Write out every record below exactly, leaving the pictures out.

**Material shown**
╔══

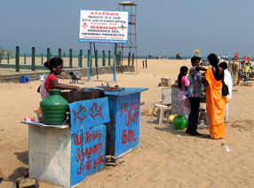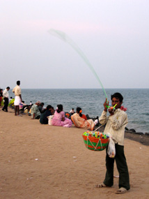 言われた。見料は20ルピー(約60円) (右)物売りの少年(ポンディシェリーのビーチにて) |
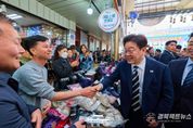 경북팩트뉴스 황혜경 기자 | 이재명 대통령은 25일 오후 한국항공우주산업(KAI)에서 열린 KF-21 양산 1호기 출고식에 참석한 뒤 경남 진주시에 위치한 진주중앙시장을 깜짝 방문해 민심을 청취했다. 진주중앙시장은 1884년 개장한 유서 깊은 전통시장으로, 진주 지역의 대표 상업 거점으로 자리하고 있다. 이재명 대통령은 후보 시절이던 지난해 5월에도 이곳을 방문한 바 있다. 상인들과 주민들은 예고 없이 깜짝 등장한 이재명 대통령을 환호와 박수로 맞이했다. 현장에서는 “이재명 대통령 최고!”, “사랑합니다”, "감사합니다", “멋있어요”, “고생 많으십니다” 등 다양한 응원의 목소리가 이어졌다. 이재명 대통령은 시민들과 일일이 눈을 맞추며 인사했고, 셀카 촬영에 응했다. 특히 아이들을 지나치지 않고 몇 살인지 묻는 등 세심하게 소통하며 함께 사진을 찍었다. 이재명 대통령은 시장 곳곳을 둘러보고, 상인들에게 장사가 잘되는지 묻는 등 현장의 목소리를 청취했다. 이재명 대통령은 상추와 애호박 등을 현금과 온누리상품권으로 구입했고, 귤과 꼬치전, 호떡, 엿, 딸기 등을 즉석에서 맛본 뒤 구입했습
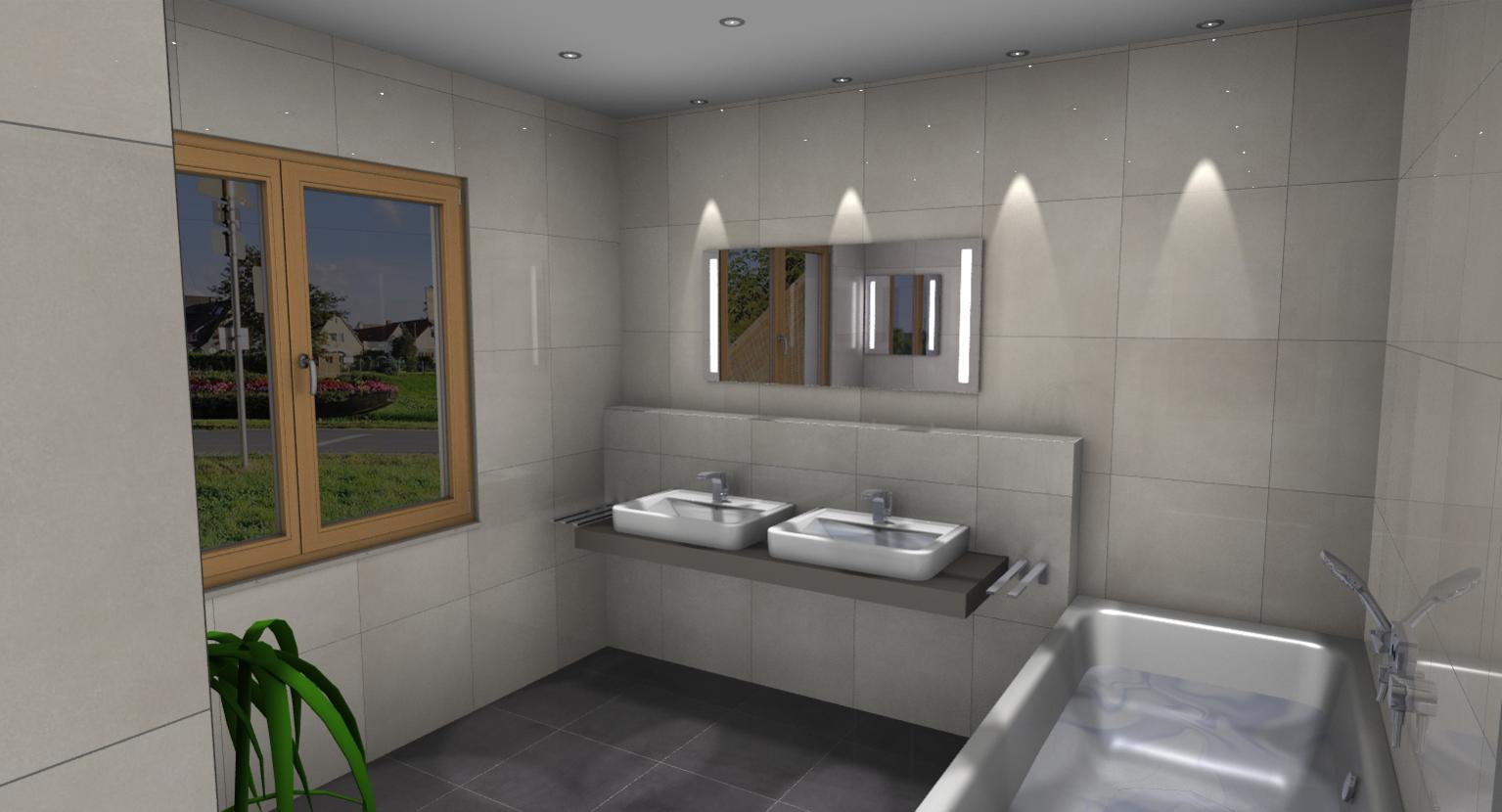 Also eben habe ich mal ein Bad gerendert. Es gibt dabei die Einstellungen: "Vorschau","Standard" und "Hoch". Ich habe auf Standard mit relativ wenigen Details gerendert und das hat etwa 30-40 Minuten gedauert.. Ergebnis:
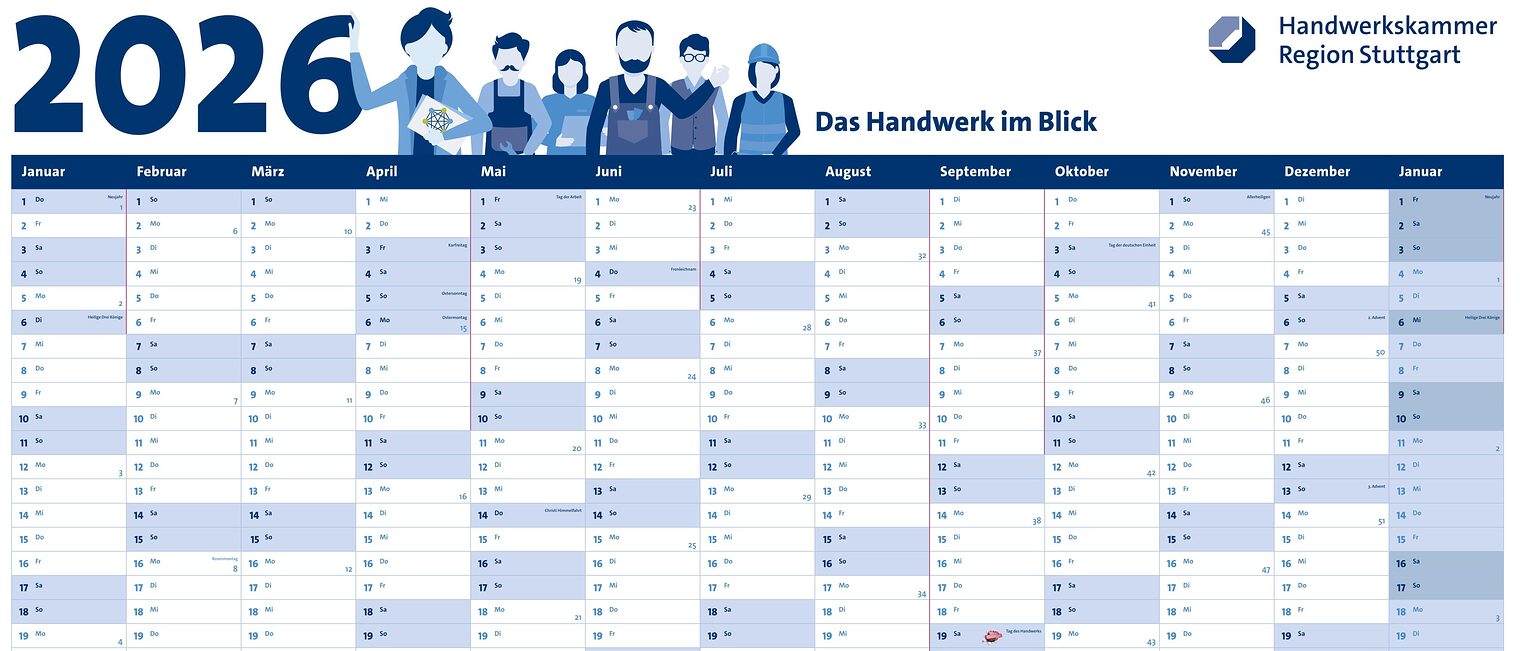 Der kostenfreie Kalender war bereits am 5. September derAusgabe 17/2025 der Deutschen Handwerks Zeitung (DHZ) beigelegt. Sie können ihn auch hier im pdf-Format herunterladen:
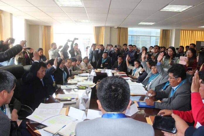 A su turno, los consejeros de ambas posiciones no se callaron: “También se debería discutir la reducción de la dieta de los consejeros”, señaló Nury Machaca. “No votemos por rencor, egoísmo, rencillas o por hacer hígado”, dijo Jaime Chambilla.
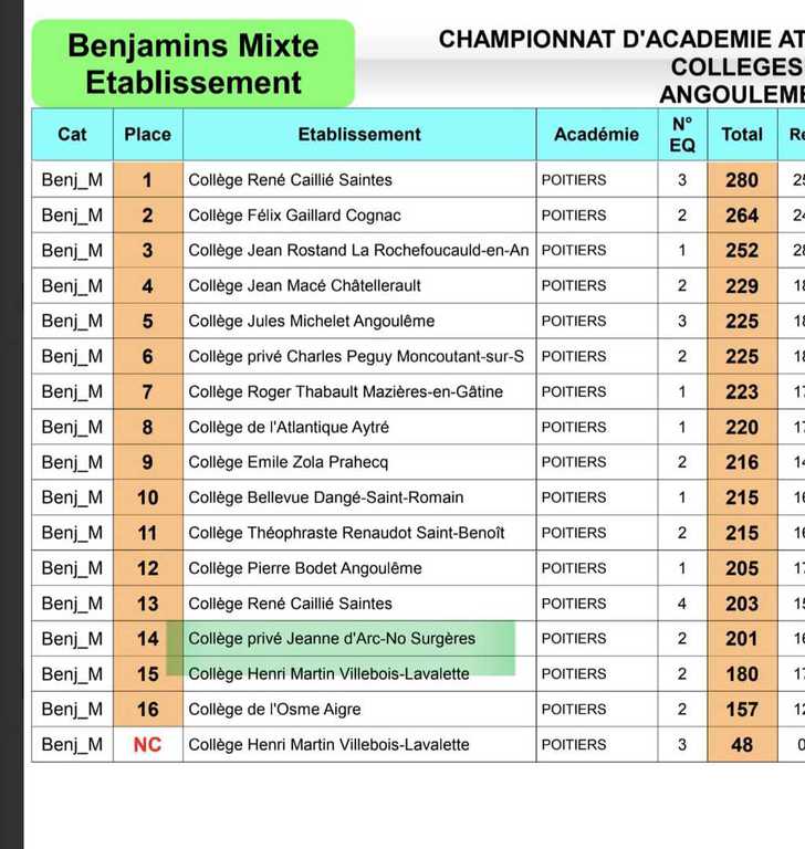 Le mercredi 7 mai avait lieu les championnats académiques d'athlétisme UNSS à Angoulême. Nous avions 2 équipes qualifiées : une équipe mixte Benjamins Benjamines (4 élèves) une équipe mixte
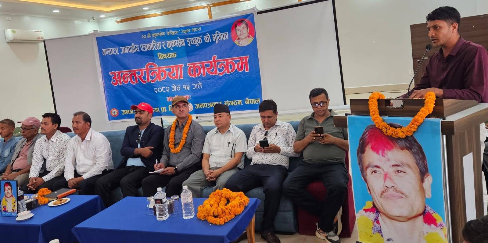 नेपाल पत्रकार महासंघका महासचिव रामप्रसाद दाहालले देशलाई संकट पर्दा पत्रकार चाहिने गरेको बताउंदै गणतन्त्र नेपाल पत्रकार महासंघको पूंजी भएकाले गणतन्त्रलाई दीगो बनाउनु पर्नेमा जोड दिए । कृष्णसेन इच्छुकले देखाएको बाटोलाई आत्मसाथ गर्नुपर्ने बताए ।
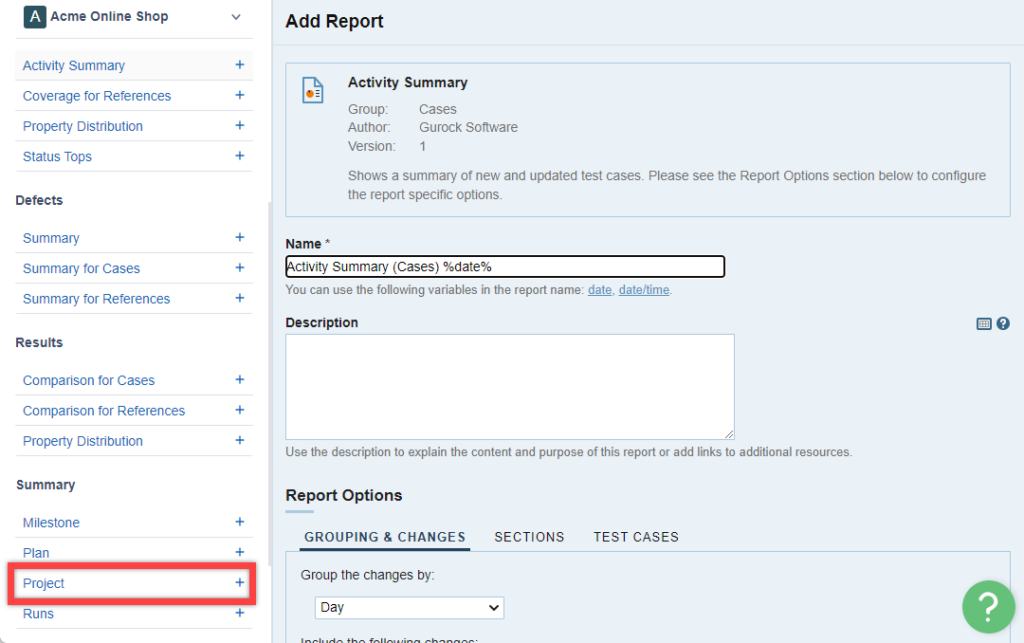 TestRail でプロジェクト (サマリー) レポートを生成するには、いくつかの設定を行う必要があります。
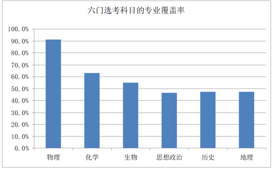六門選考科目的專業(yè)覆蓋率如下圖所示:
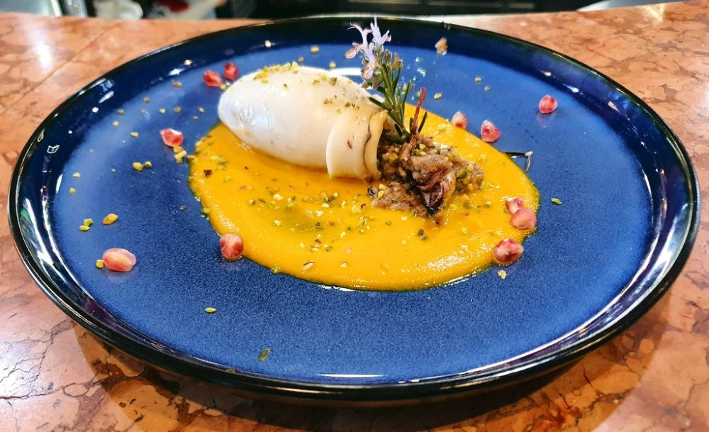 Calamari e funghi porcini su vellutata di zucca
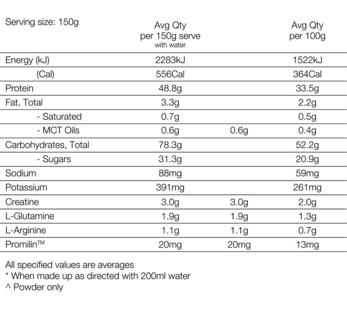 Calorie content may vary slightly between flavours, but each serve is calorie-dense, designed specifically to help you reach your daily energy and macronutrient targets for muscle growth.
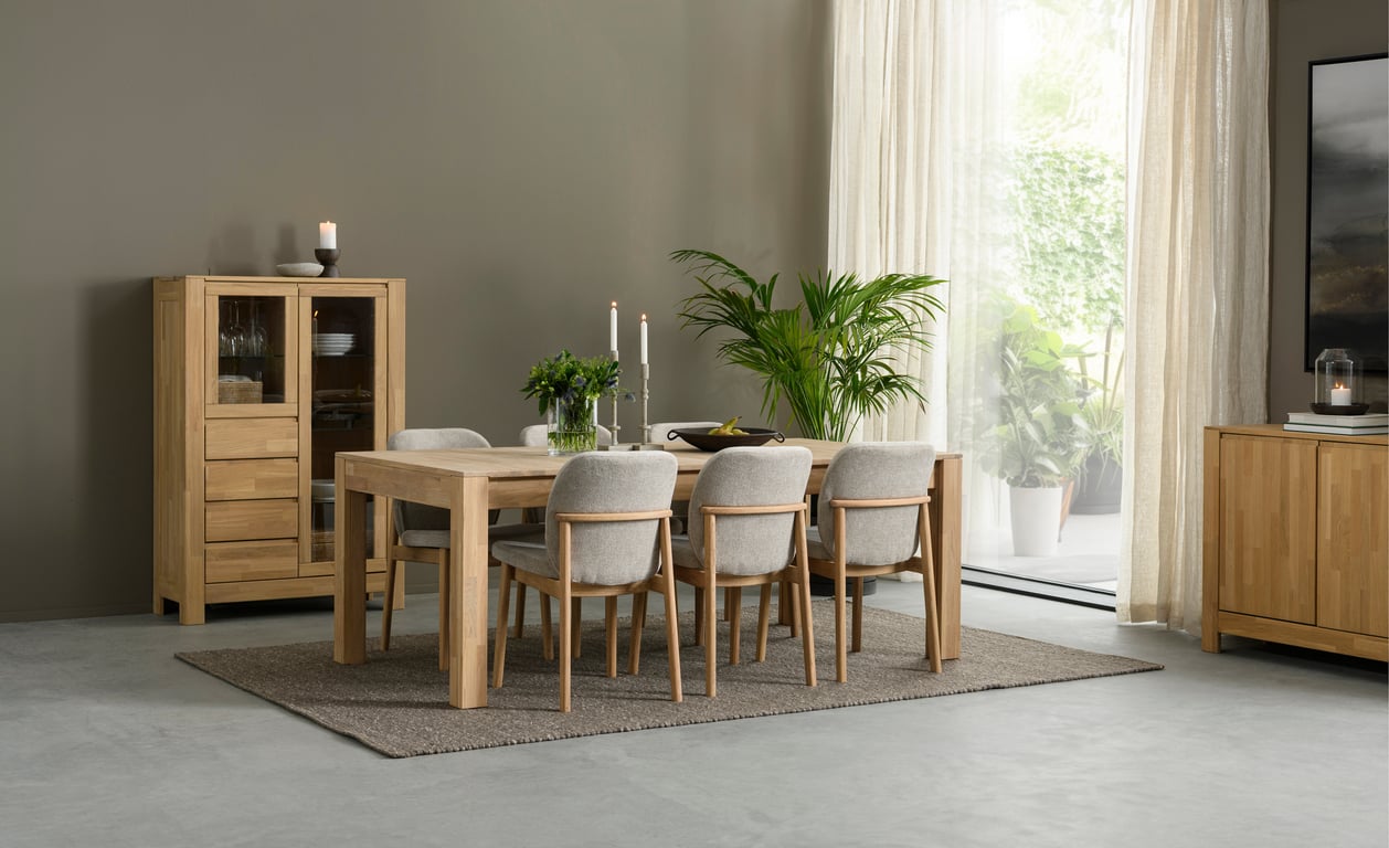 Lugano er en allsidig og elegant møbelserie i heltre eik som kombinerer moderne design med tidløs kvalitet. Serien inkluderer spisebord, skjenker, vitrineskap, TV-benk og sofabord. Du kan velge mellom flere naturlige oljefarger.
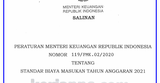 Pmk No 119 Pmk 02 2020 Tentang Standar Biaya Masukan Sbm Tahun Anggaran 2021 Platform Media Comet
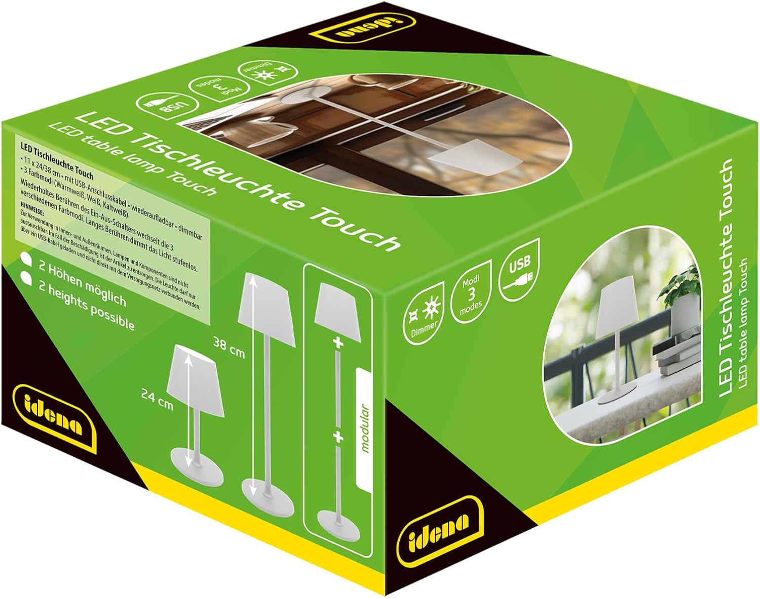 [RESIGILAT] Idena 50124, Lampa masa LED tactila, alba, reincarcabila
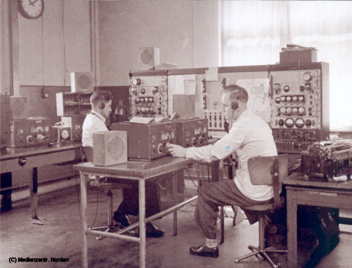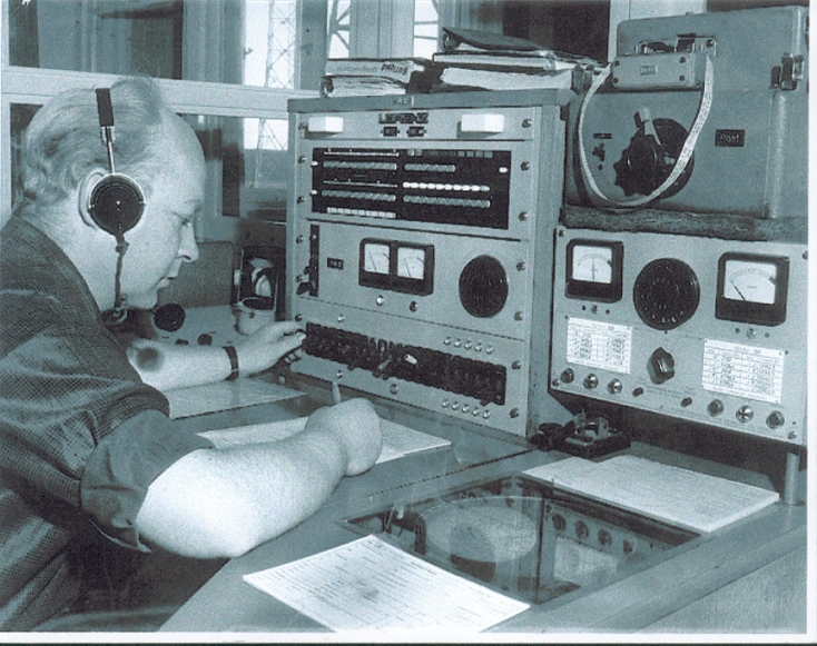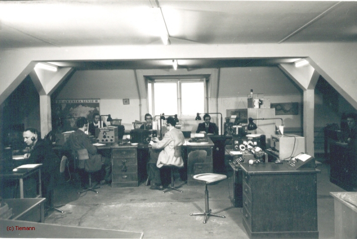 Short Wave Position Hugo Wegener keeps watch. On the right side two "Telefunken E454 Bs"-Receivers. (Photo from the early 50's. Thanks to Frank Wegener) |

╚══

**Solved problem**
 言われた。見料は20ルピー(約60円) (右)物売りの少年(ポンディシェリーのビーチにて) |
 경북팩트뉴스 황혜경 기자 | 이재명 대통령은 25일 오후 한국항공우주산업(KAI)에서 열린 KF-21 양산 1호기 출고식에 참석한 뒤 경남 진주시에 위치한 진주중앙시장을 깜짝 방문해 민심을 청취했다. 진주중앙시장은 1884년 개장한 유서 깊은 전통시장으로, 진주 지역의 대표 상업 거점으로 자리하고 있다. 이재명 대통령은 후보 시절이던 지난해 5월에도 이곳을 방문한 바 있다. 상인들과 주민들은 예고 없이 깜짝 등장한 이재명 대통령을 환호와 박수로 맞이했다. 현장에서는 “이재명 대통령 최고!”, “사랑합니다”, "감사합니다", “멋있어요”, “고생 많으십니다” 등 다양한 응원의 목소리가 이어졌다. 이재명 대통령은 시민들과 일일이 눈을 맞추며 인사했고, 셀카 촬영에 응했다. 특히 아이들을 지나치지 않고 몇 살인지 묻는 등 세심하게 소통하며 함께 사진을 찍었다. 이재명 대통령은 시장 곳곳을 둘러보고, 상인들에게 장사가 잘되는지 묻는 등 현장의 목소리를 청취했다. 이재명 대통령은 상추와 애호박 등을 현금과 온누리상품권으로 구입했고, 귤과 꼬치전, 호떡, 엿, 딸기 등을 즉석에서 맛본 뒤 구입했습
 Also eben habe ich mal ein Bad gerendert. Es gibt dabei die Einstellungen: "Vorschau","Standard" und "Hoch". Ich habe auf Standard mit relativ wenigen Details gerendert und das hat etwa 30-40 Minuten gedauert.. Ergebnis:
 Der kostenfreie Kalender war bereits am 5. September derAusgabe 17/2025 der Deutschen Handwerks Zeitung (DHZ) beigelegt. Sie können ihn auch hier im pdf-Format herunterladen:
 A su turno, los consejeros de ambas posiciones no se callaron: “También se debería discutir la reducción de la dieta de los consejeros”, señaló Nury Machaca. “No votemos por rencor, egoísmo, rencillas o por hacer hígado”, dijo Jaime Chambilla.
 Le mercredi 7 mai avait lieu les championnats académiques d'athlétisme UNSS à Angoulême. Nous avions 2 équipes qualifiées : une équipe mixte Benjamins Benjamines (4 élèves) une équipe mixte
 नेपाल पत्रकार महासंघका महासचिव रामप्रसाद दाहालले देशलाई संकट पर्दा पत्रकार चाहिने गरेको बताउंदै गणतन्त्र नेपाल पत्रकार महासंघको पूंजी भएकाले गणतन्त्रलाई दीगो बनाउनु पर्नेमा जोड दिए । कृष्णसेन इच्छुकले देखाएको बाटोलाई आत्मसाथ गर्नुपर्ने बताए ।
 TestRail でプロジェクト (サマリー) レポートを生成するには、いくつかの設定を行う必要があります。
六門選考科目的專業(yè)覆蓋率如下圖所示:
 Calamari e funghi porcini su vellutata di zucca
 Calorie content may vary slightly between flavours, but each serve is calorie-dense, designed specifically to help you reach your daily energy and macronutrient targets for muscle growth.
 Lugano er en allsidig og elegant møbelserie i heltre eik som kombinerer moderne design med tidløs kvalitet. Serien inkluderer spisebord, skjenker, vitrineskap, TV-benk og sofabord. Du kan velge mellom flere naturlige oljefarger.
 Pmk No 119 Pmk 02 2020 Tentang Standar Biaya Masukan Sbm Tahun Anggaran 2021 Platform Media Comet
 [RESIGILAT] Idena 50124, Lampa masa LED tactila, alba, reincarcabila
 Short Wave Position Hugo Wegener keeps watch. On the right side two "Telefunken E454 Bs"-Receivers. (Photo from the early 50's. Thanks to Frank Wegener) |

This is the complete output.